**Source data:**
^^^^

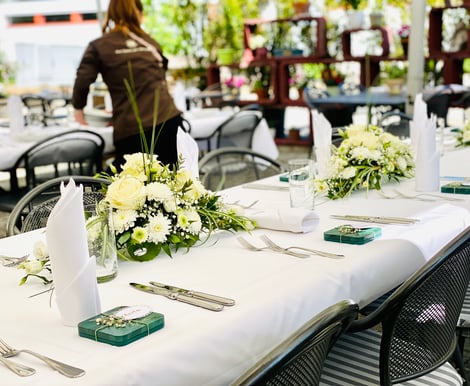 - Garten & Terrasse: Für einen entspannten Aperitif oder eine Feier unter freiem Himmel stehen Ihnen unser idyllischer Garten und die Terrasse mit Platz für bis zu 100 Gäste zur Verfügung.
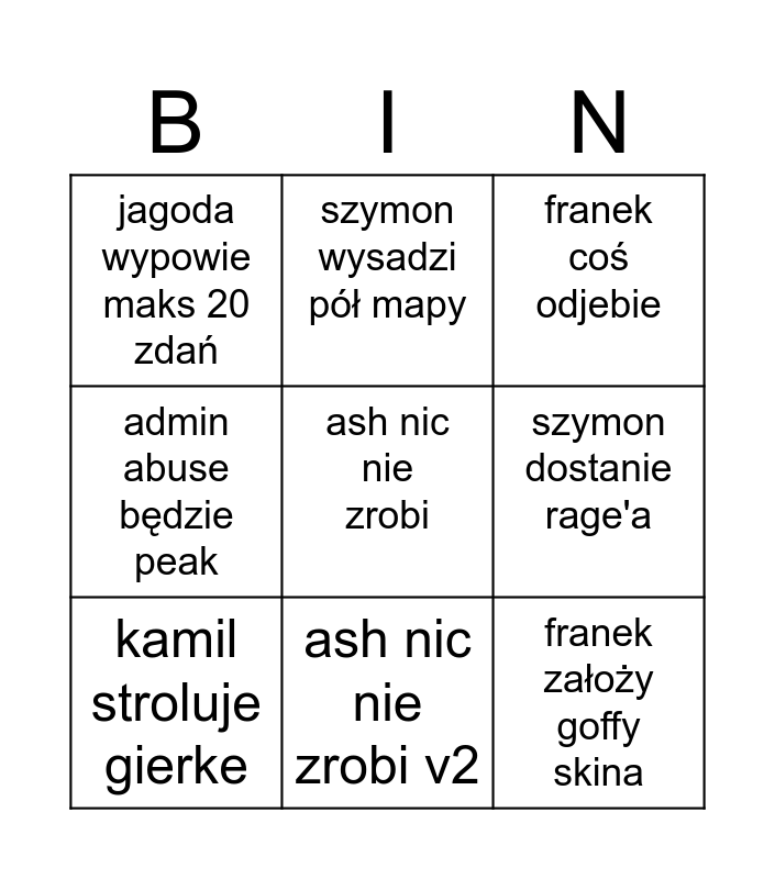 This bingo card has a free space and 8 words: szymon dostanie rage'a, franek coś odjebie, szymon wysadzi pół mapy, kamil stroluje gierke, jagoda wypowie maks 20 zdań, franek założy goffy skina, admin abuse będzie peak and ash nic nie zrobi v2.
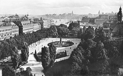Vy över Kungsträdgården mot sydost från NK:s byggnad
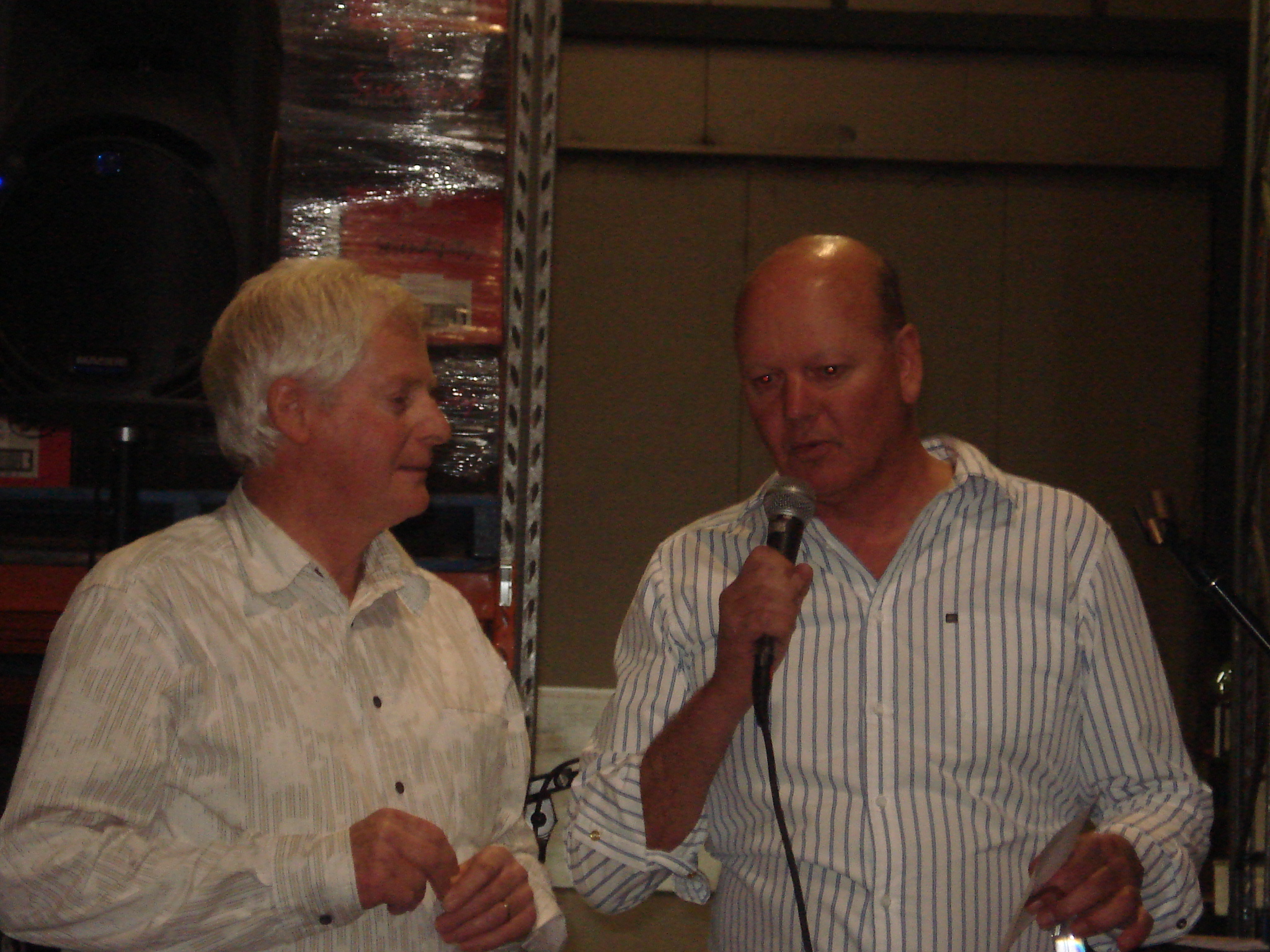 On a beautiful sunny day in Currency Creek, John Loxton, head winemaker at Ballast Stone wines, presented the winery’s ten latest vintages of shiraz at a lunch in the barrel room at the winery on 10/10/10. John Riddell of Channel 7 and Mix 102.3 hosted the event, attended by 150 or so guests. Tigchandler collected a few snippets of the entertaining commentary by the Johns.

^^^^

**What is required:** A word-for-word copy of the listing is needed, with no pictures in it.

**Task output:**
 - Garten & Terrasse: Für einen entspannten Aperitif oder eine Feier unter freiem Himmel stehen Ihnen unser idyllischer Garten und die Terrasse mit Platz für bis zu 100 Gäste zur Verfügung.
 This bingo card has a free space and 8 words: szymon dostanie rage'a, franek coś odjebie, szymon wysadzi pół mapy, kamil stroluje gierke, jagoda wypowie maks 20 zdań, franek założy goffy skina, admin abuse będzie peak and ash nic nie zrobi v2.
Vy över Kungsträdgården mot sydost från NK:s byggnad
 On a beautiful sunny day in Currency Creek, John Loxton, head winemaker at Ballast Stone wines, presented the winery’s ten latest vintages of shiraz at a lunch in the barrel room at the winery on 10/10/10. John Riddell of Channel 7 and Mix 102.3 hosted the event, attended by 150 or so guests. Tigchandler collected a few snippets of the entertaining commentary by the Johns.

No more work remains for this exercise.